EXERCISE BRIEF: Determine the number of lines in the listing below in which the word "through" is present, and state it without comment.

DATA PROVIDED:
*****
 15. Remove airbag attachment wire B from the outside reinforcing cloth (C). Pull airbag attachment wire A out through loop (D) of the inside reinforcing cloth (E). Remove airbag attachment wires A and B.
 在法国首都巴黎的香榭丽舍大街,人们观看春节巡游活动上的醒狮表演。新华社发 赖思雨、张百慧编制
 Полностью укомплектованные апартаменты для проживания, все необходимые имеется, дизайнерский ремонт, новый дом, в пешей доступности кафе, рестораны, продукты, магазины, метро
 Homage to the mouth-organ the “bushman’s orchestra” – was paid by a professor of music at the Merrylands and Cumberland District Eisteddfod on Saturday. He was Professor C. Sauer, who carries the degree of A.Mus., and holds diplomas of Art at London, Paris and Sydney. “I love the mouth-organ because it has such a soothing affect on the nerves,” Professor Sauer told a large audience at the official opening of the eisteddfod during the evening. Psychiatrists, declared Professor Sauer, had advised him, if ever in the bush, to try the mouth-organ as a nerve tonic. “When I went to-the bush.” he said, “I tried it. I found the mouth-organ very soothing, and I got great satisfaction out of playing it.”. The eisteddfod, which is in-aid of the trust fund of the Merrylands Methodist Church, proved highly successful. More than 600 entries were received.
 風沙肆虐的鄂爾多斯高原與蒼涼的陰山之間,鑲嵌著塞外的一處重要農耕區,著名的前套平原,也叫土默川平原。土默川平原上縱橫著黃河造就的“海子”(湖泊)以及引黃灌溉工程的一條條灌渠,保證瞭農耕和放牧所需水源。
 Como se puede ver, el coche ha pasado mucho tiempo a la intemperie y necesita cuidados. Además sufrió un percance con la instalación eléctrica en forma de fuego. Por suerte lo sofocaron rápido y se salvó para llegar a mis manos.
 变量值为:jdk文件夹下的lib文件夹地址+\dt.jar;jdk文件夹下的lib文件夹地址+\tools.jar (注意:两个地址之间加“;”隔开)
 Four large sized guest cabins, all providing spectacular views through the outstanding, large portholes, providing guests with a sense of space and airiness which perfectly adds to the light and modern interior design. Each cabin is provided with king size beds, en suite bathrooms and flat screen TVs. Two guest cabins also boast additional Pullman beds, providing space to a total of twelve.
*****
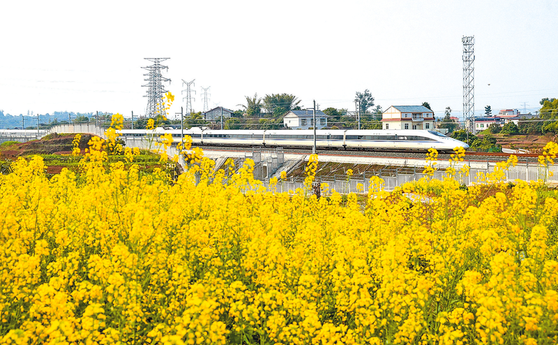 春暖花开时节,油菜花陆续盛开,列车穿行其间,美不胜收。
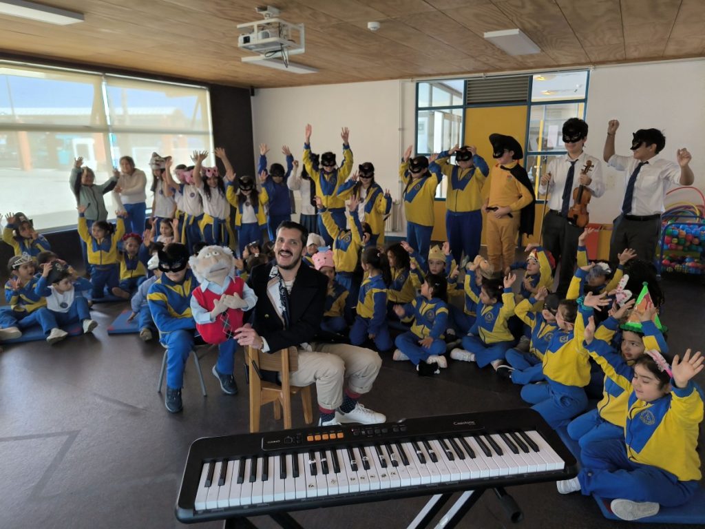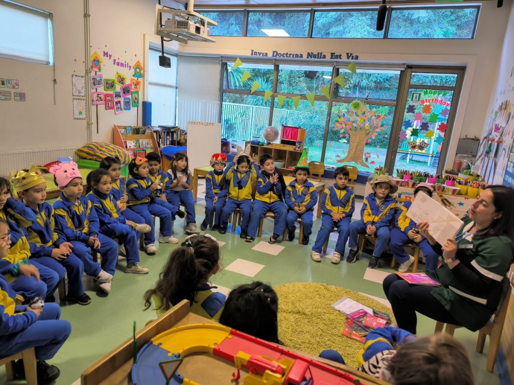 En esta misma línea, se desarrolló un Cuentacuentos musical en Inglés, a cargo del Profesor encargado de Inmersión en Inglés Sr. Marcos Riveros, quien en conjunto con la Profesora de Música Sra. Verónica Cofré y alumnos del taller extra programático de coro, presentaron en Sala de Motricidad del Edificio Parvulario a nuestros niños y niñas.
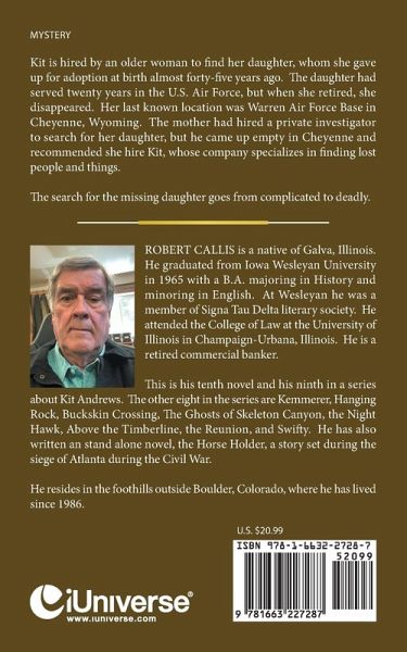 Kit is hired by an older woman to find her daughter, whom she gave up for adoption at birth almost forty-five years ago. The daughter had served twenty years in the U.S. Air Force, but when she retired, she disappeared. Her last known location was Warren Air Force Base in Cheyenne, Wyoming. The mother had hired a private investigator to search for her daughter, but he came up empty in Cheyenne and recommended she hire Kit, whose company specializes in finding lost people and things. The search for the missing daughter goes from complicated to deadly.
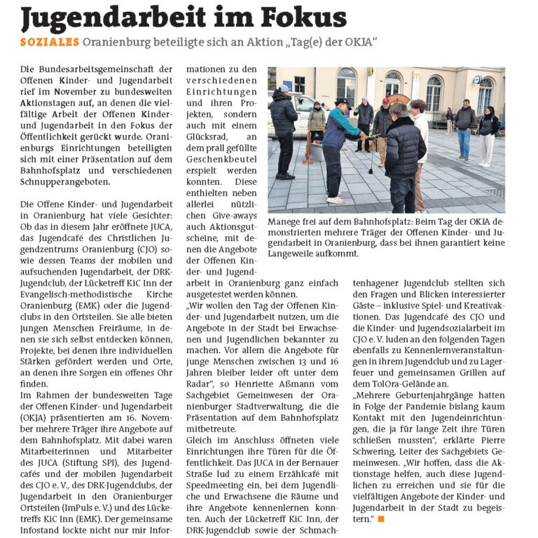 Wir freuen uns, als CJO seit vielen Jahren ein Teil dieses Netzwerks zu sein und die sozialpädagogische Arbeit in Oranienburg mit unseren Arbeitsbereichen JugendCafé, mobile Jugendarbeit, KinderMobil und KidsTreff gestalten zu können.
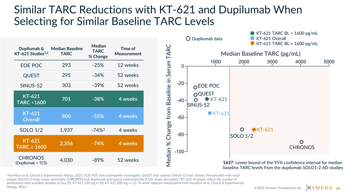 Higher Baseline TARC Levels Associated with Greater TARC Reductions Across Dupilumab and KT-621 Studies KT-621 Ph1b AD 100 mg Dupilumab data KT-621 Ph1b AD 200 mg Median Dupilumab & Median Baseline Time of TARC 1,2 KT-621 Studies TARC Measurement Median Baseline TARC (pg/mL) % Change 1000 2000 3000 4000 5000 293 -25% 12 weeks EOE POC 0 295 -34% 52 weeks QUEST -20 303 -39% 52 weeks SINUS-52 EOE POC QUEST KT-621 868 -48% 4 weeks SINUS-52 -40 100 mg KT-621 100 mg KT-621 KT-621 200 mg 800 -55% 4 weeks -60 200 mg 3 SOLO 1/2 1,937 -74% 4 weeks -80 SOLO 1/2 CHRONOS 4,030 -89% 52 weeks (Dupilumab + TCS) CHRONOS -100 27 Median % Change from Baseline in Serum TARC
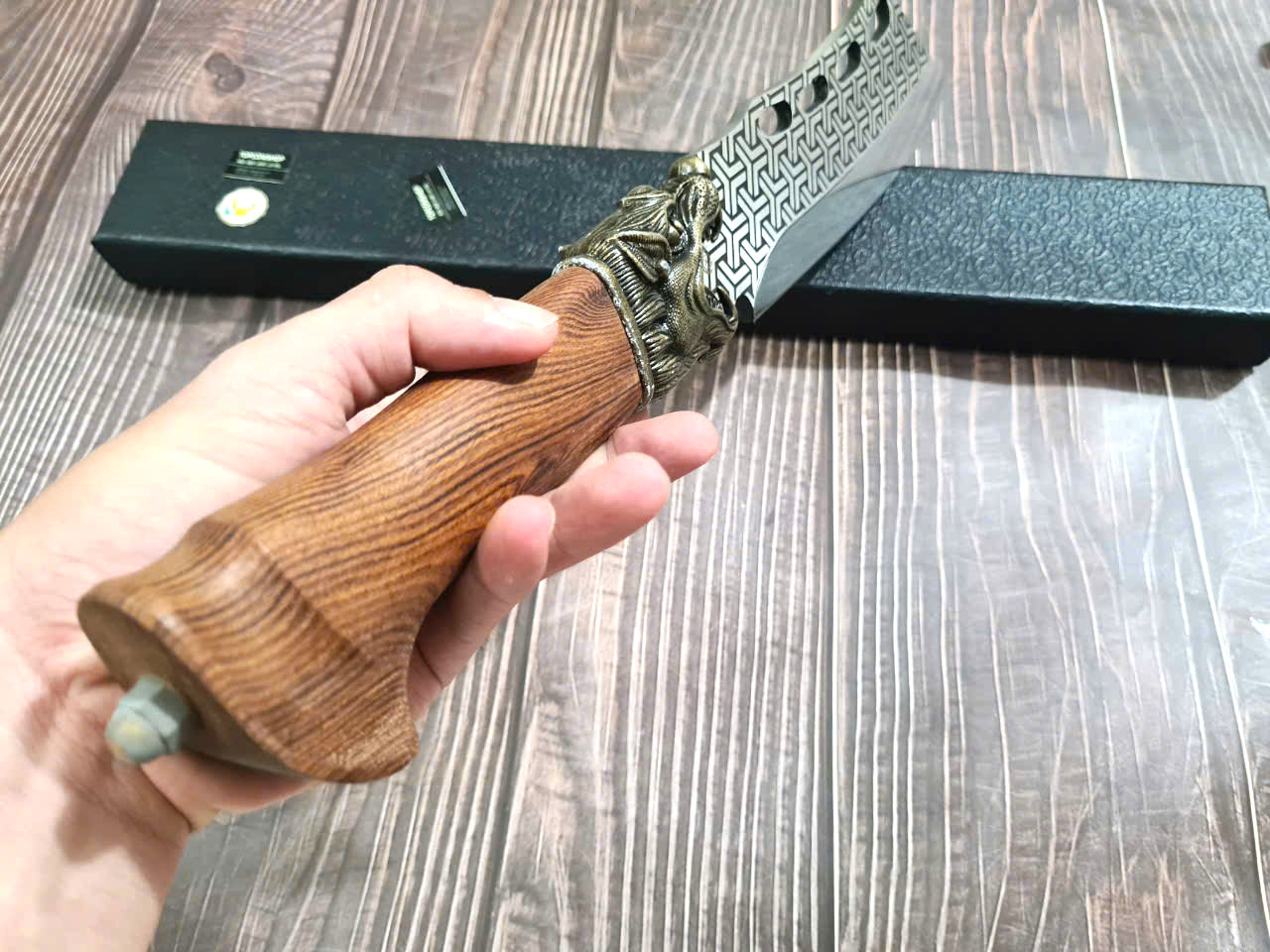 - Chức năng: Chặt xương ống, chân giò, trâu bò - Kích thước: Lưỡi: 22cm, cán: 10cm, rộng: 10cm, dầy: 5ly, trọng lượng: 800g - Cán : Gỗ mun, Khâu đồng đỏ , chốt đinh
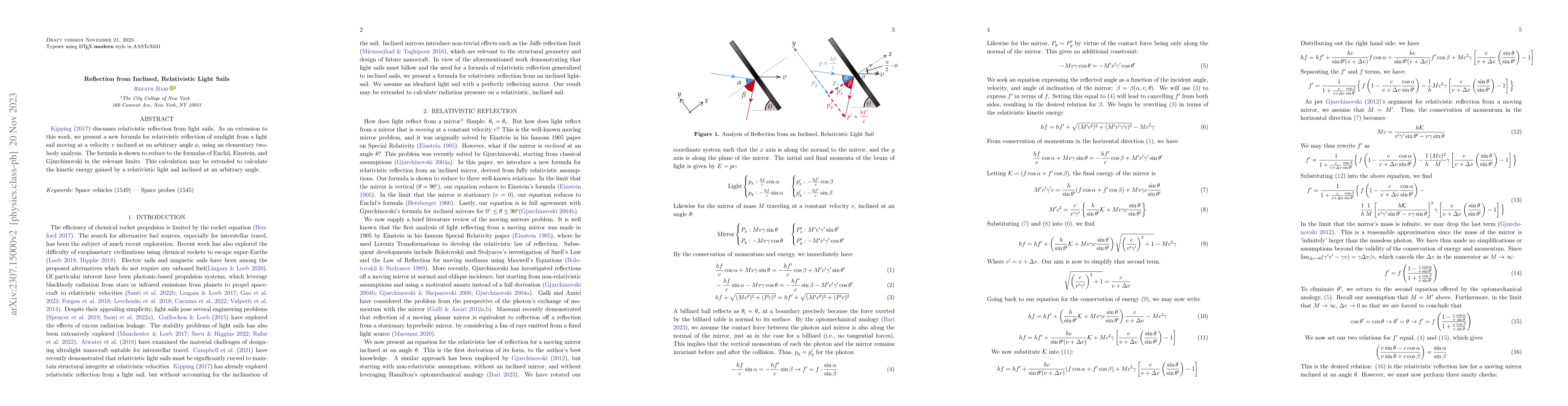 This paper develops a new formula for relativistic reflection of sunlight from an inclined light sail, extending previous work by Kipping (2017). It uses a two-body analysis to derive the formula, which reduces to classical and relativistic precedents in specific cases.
*****
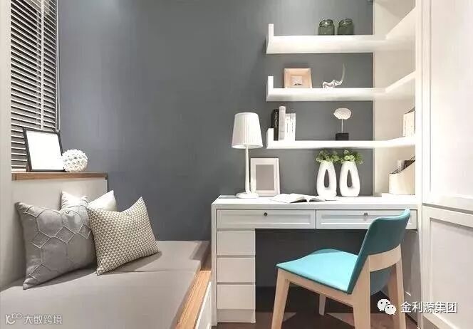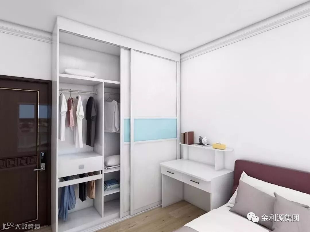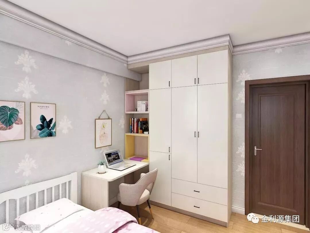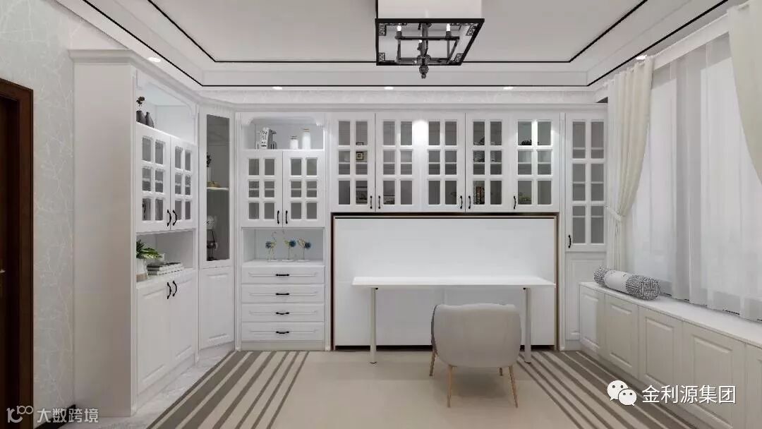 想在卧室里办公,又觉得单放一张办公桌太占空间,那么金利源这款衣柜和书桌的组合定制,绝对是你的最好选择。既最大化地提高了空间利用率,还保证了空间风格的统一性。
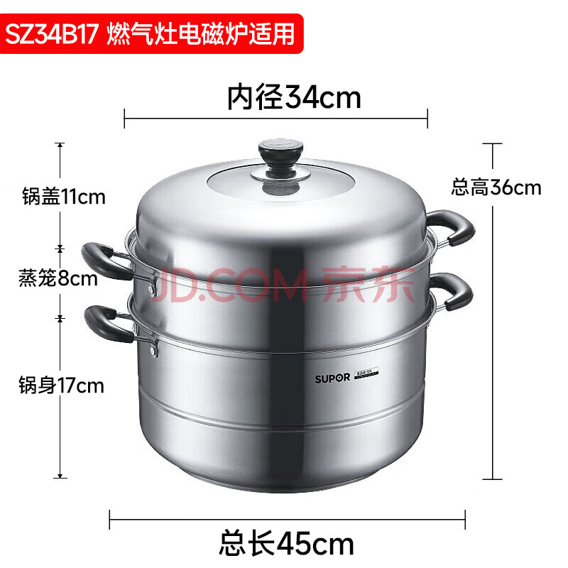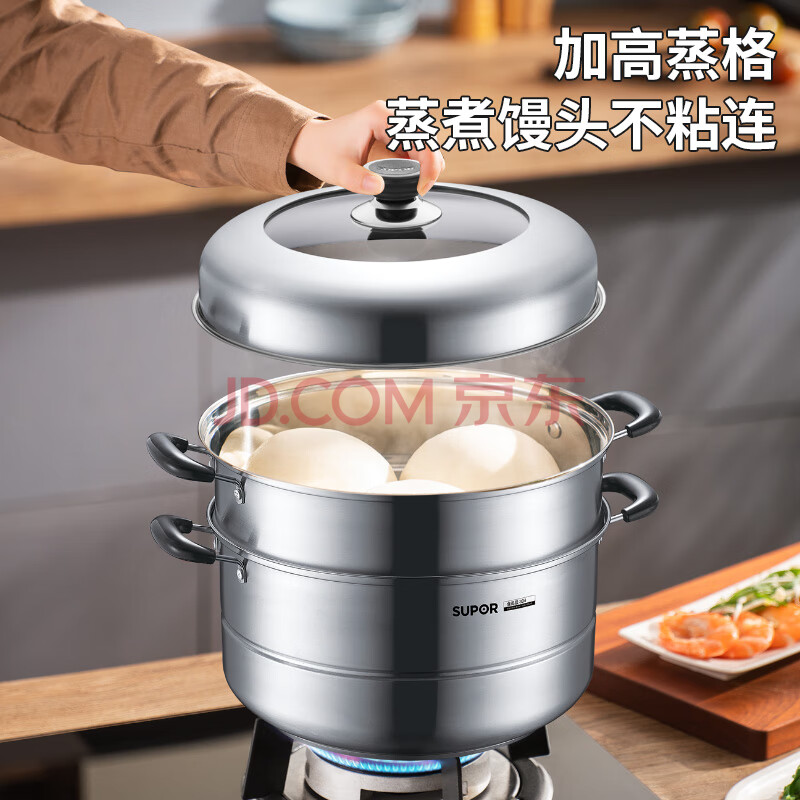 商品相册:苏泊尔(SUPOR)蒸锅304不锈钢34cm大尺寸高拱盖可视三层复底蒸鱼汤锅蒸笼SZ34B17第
*****
EXERCISE OUTPUT: 2